*** Opening ENTRIES SUPPLIED ***

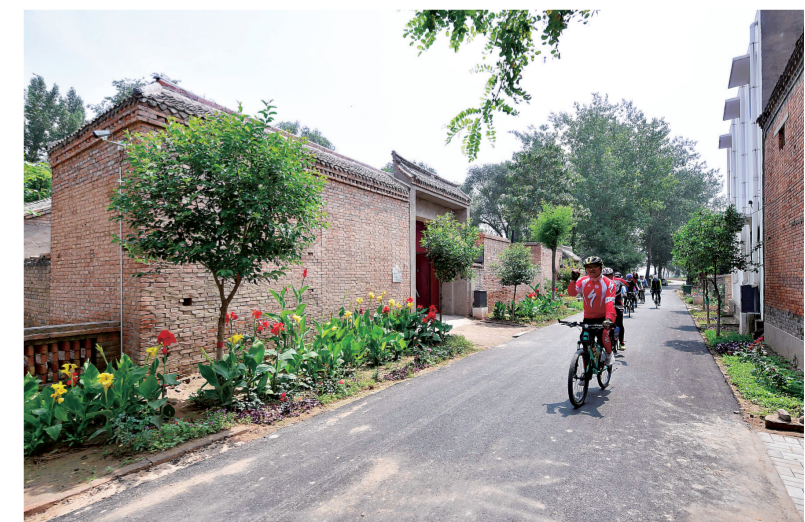
几名自行车爱好者在河南兰考张庄村中骑行
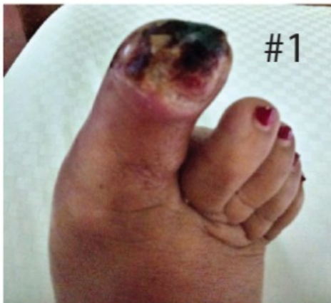
Imagen proporcionada por la paciente el Miercoles 25 de Setiembre del 2019 Paciente Diabetica le cayo una tabla en el dedo y en la medicina privada le indicaron la posible amputación. En este estado habia usado crema de antibiotico. Ya se cayo la uña
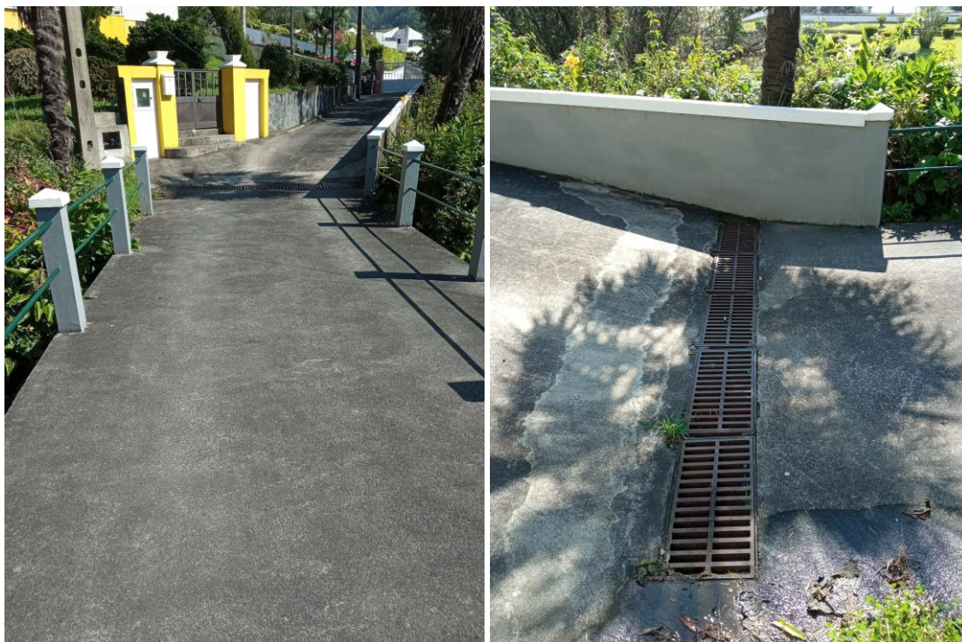
Figura 2.3: Grelha de drenagem de águas pluviais na Canada da Grotta.
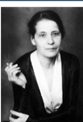
Lise Meitner 1878 Física Nuclear
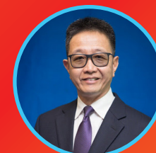
லத்தோ தெங் சாங்கி கிம்
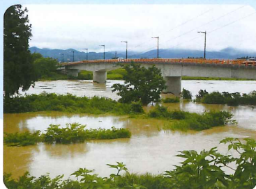
くろたきばし 黒滝橋

8月4日(木)、前日からの豪雨により最上川の水位が上昇し氾濫の危険性があるため、旧最北高等技術専門校体育館へ利用者様と職員全員が避難をしました。 氾濫発生には至らず、施設に被害はありませんでしたが、命を守るための行動ができました。
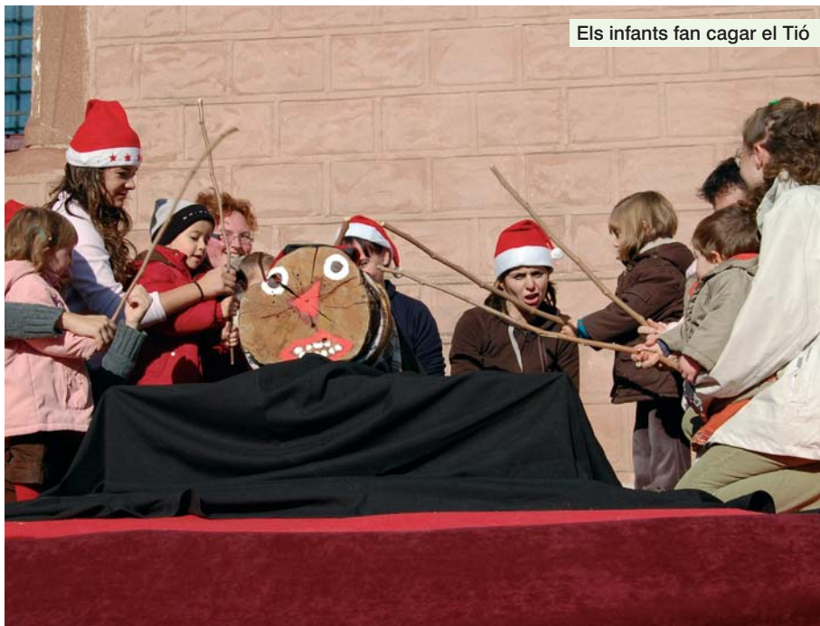
Els infants fan cagar el Tió
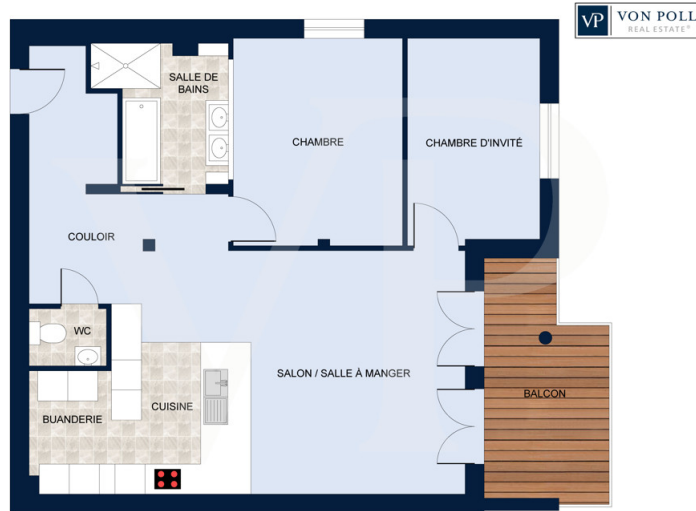
Les plans sont fournis à titre d'information et ne sont pas contractuels

???? ? ?????? ??? ?????? ?? ????????. ?? ??????? ??? ??????? ??? ??? ??????. ??? ?? ????? ?????, ??? ?????????? ?? ????????????? ??? ?????????? ??? ??????????????
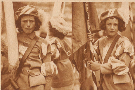
Zwei stramme Fährliche aus der Fahngruppe der 22 Kantone
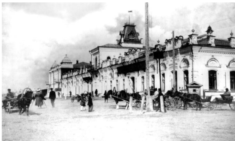
Рис. 1. Торговый дом А. Дерова. Ул. Телеграфная. Фотография Д. Багаева, 1912 год Источник: ПОИКМ. Оп. 1. Д. 2. Л. 10.

фасаду здания, примыкал дом Филатова, где размещалась почтово-телеграфная контора, а напротив находились бывшие Торговые ряды. Эти места были запечатлены фотографом Д.П. Багаевым (Рисунок 1).
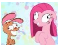
Два психа встретились
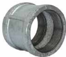
COPE Disponible de 1/2 a 4 pulgadas
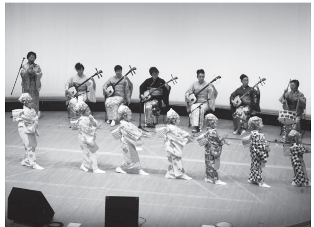
昨年度の芸能発表会の様子
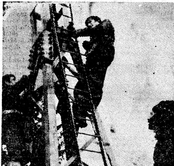
Telescaunul „Straja” Lupeni
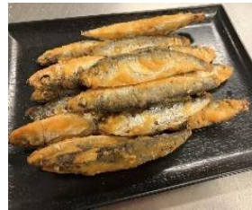
小いわし唐揚げ (スプラット) 1 k g x 6 x 2 80~100尾/袋 (目安)
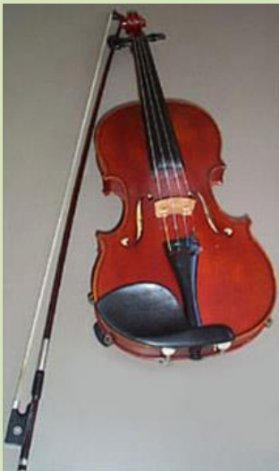
Le violon des Métis

http://firstpeoplesofcanada.com/fp_metis/fp_metis5.html

*** Closing ENTRIES SUPPLIED ***

Write out all of the data above exactly, pictures excluded.

几名自行车爱好者在河南兰考张庄村中骑行
Imagen proporcionada por la paciente el Miercoles 25 de Setiembre del 2019 Paciente Diabetica le cayo una tabla en el dedo y en la medicina privada le indicaron la posible amputación. En este estado habia usado crema de antibiotico. Ya se cayo la uña
Figura 2.3: Grelha de drenagem de águas pluviais na Canada da Grotta.
Lise Meitner 1878 Física Nuclear
லத்தோ தெங் சாங்கி கிம்
くろたきばし 黒滝橋

8月4日(木)、前日からの豪雨により最上川の水位が上昇し氾濫の危険性があるため、旧最北高等技術専門校体育館へ利用者様と職員全員が避難をしました。 氾濫発生には至らず、施設に被害はありませんでしたが、命を守るための行動ができました。
Els infants fan cagar el Tió
Les plans sont fournis à titre d'information et ne sont pas contractuels

???? ? ?????? ??? ?????? ?? ????????. ?? ??????? ??? ??????? ??? ??? ??????. ??? ?? ????? ?????, ??? ?????????? ?? ????????????? ??? ?????????? ??? ??????????????
Zwei stramme Fährliche aus der Fahngruppe der 22 Kantone
Рис. 1. Торговый дом А. Дерова. Ул. Телеграфная. Фотография Д. Багаева, 1912 год Источник: ПОИКМ. Оп. 1. Д. 2. Л. 10.

фасаду здания, примыкал дом Филатова, где размещалась почтово-телеграфная контора, а напротив находились бывшие Торговые ряды. Эти места были запечатлены фотографом Д.П. Багаевым (Рисунок 1).
Два психа встретились
COPE Disponible de 1/2 a 4 pulgadas
昨年度の芸能発表会の様子
Telescaunul „Straja” Lupeni
小いわし唐揚げ (スプラット) 1 k g x 6 x 2 80~100尾/袋 (目安)
Le violon des Métis

http://firstpeoplesofcanada.com/fp_metis/fp_metis5.html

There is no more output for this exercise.